The simple answer is NO, he could not have possibly known for there was a brick wall between him and the smoker/doorway.(check the defence here)
On the 2nd charge of allowing smoking in a smokefree place, Tony’s perfect defence was simply that as he was the pub chef he was busy in the kitchen preparing meals for his eating customers. This meant he had absolutely no opportunity to see a smoker actually smoking for the simple reason that there were now two brick walls between him and the offender. So, how could Tony possibly warn the smoker if he was not aware of him/her smoking?
Again this was dismissed as irrelevant by District Judge Bruce Morris.The edict of the court was blatantly obvious ( and the truth has now surfaced via the Internet)…you smoke, therefore you are automatically guilty of an the offence- a defence is irrelevant.
The prosecuting counsel, though ruffled at times had Bruce (Morris)Morgan to bail him out every single time (so much for impartiality!!) and it was really Tony’s persistence that bumped the costs up so much.
Having unearthed the Lacors guidelines to prosecuting licensees,it actually states that –
It must be taken into account that the licensee is an objector to the smoking ban.
In plain language –
despite having a valid, correct and legally enforceable defence (as detailed in the Health Act 2006), if you object to the ban – then the defence afforded by the Act are to be ignored. (this is both Illegal and Unlawful).
Costs:- (back to top)
the costs were so high because the case took 3 days to ease through the various hilarities of actions and reactions.

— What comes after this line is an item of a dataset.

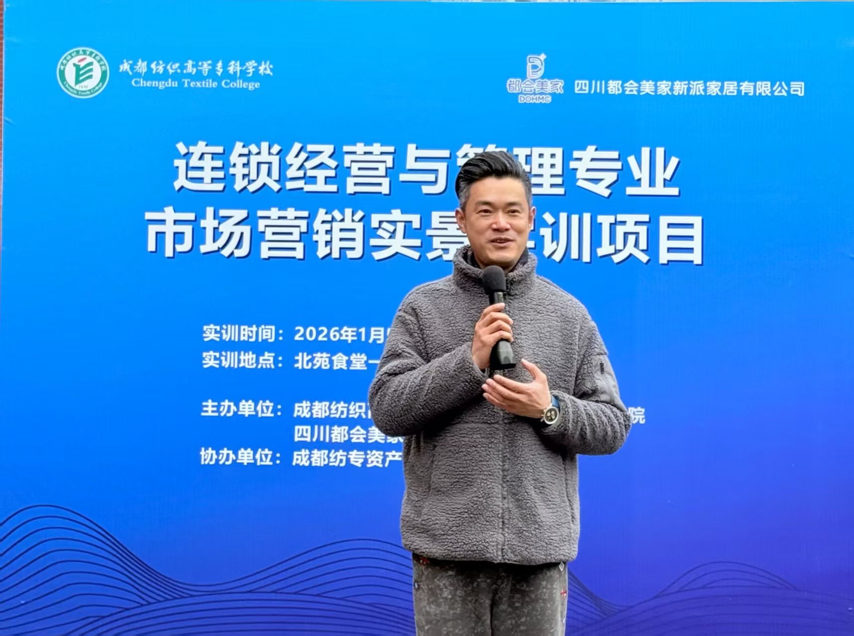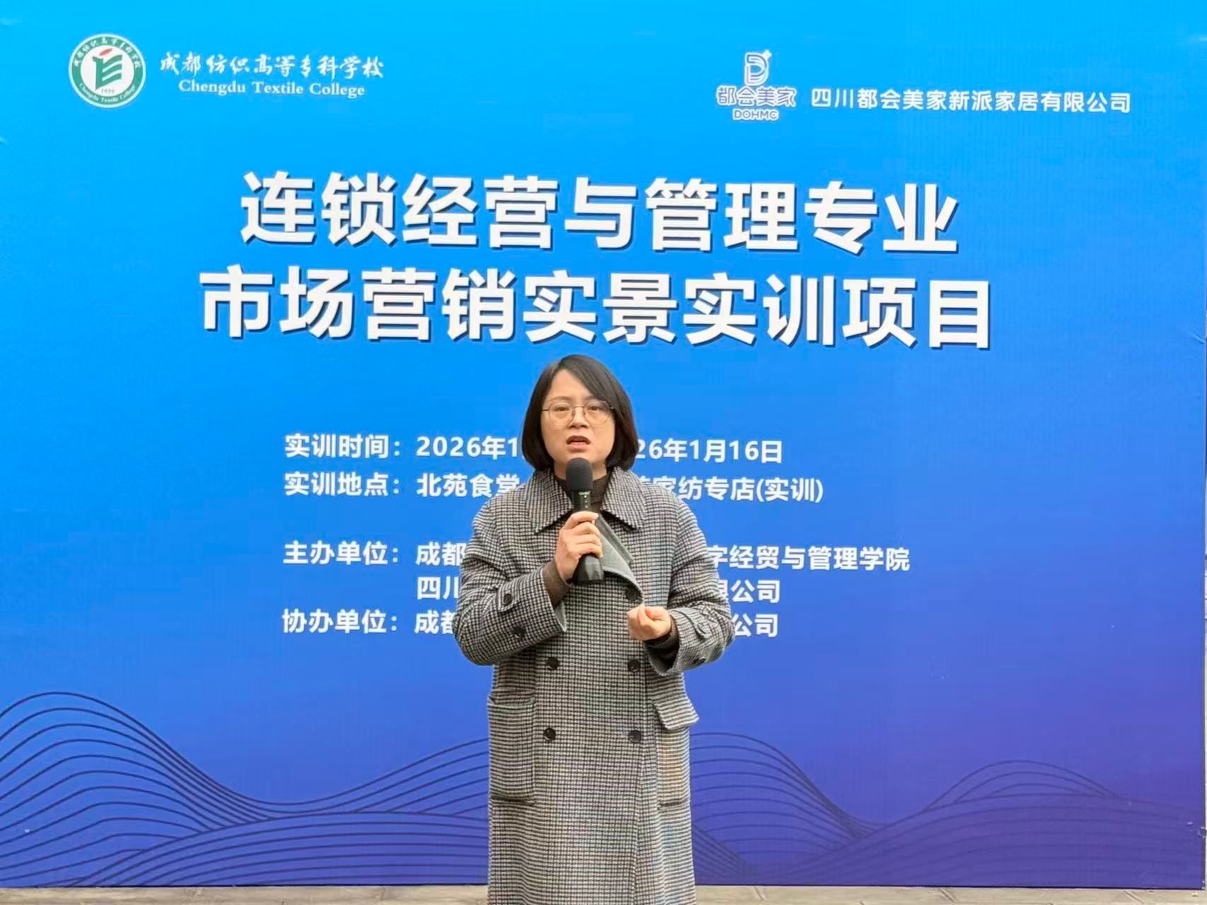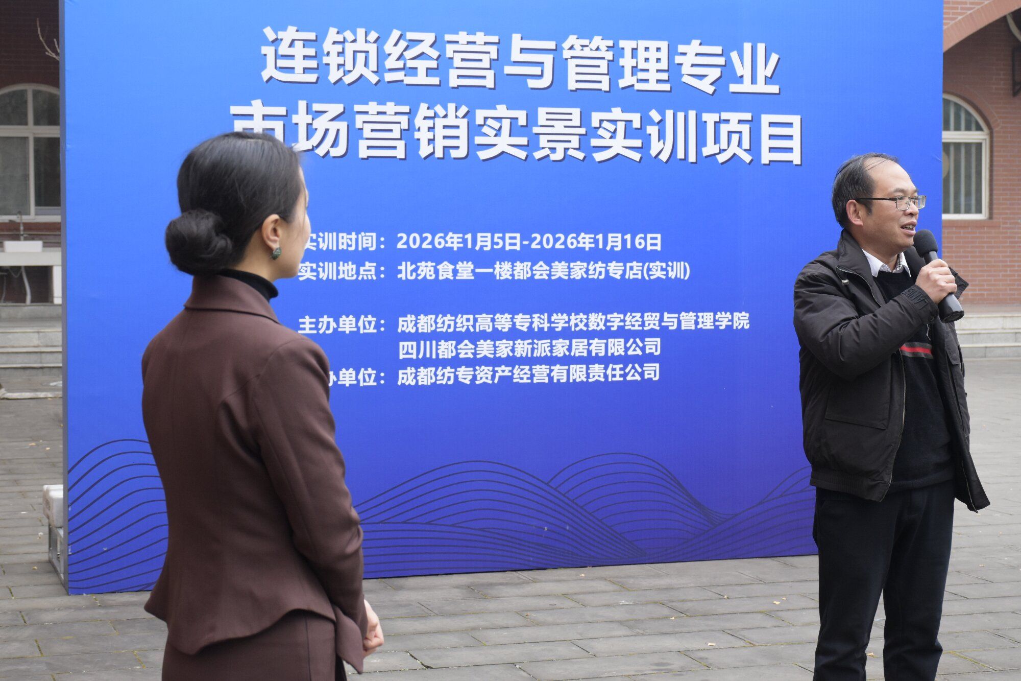 为深化产教融合,推动实践教学落地,1月5日上午9:30,“实训赋能・实战启航”都会美家纺专实训店开业仪式在北苑餐厅隆重举行。四川都会美家新派家居有限公司董事长助理赖常富先生,学校资产经营公司党支部书记申昕,学院党总支书记王霖、副院长(主持工作)何凌、副院长凌书娟,连锁专业负责人陈泓樾及全体教师,连锁2024级实训学生代表共同出席仪式。仪式由连锁专业教师陈雨生主持。

As stated, the prosecuting counsel, though ruffled at times had Bruce Morris to bail him out every single time and it was really Tony’s persistence that bumped the costs up so much. The farcical thing is that the EHO’s even claimed expenses for getting semi pissed and producing no concrete (indisputable) evidence upon which a case could be based-merely their observations under the influence of drink!
Needless to say, every word they spoke was lapped up by the bench and it was blatantly obvious that a resounding guilty verdict was the only verdict that would be forthcoming.
As is well touted now, Tony went to the High Court to claim a reduction in the costs only to be told that had he not asked so many irrelevant questions the case would not have dragged on so long thus costs would have been considerably less. (this is called a “Defence”)
And then they hit him with another £5K in costs for that effort. Sheer proof that the legal system is prepared to be corrupt itself in the pursuit of the new “cash-cow”-smokers!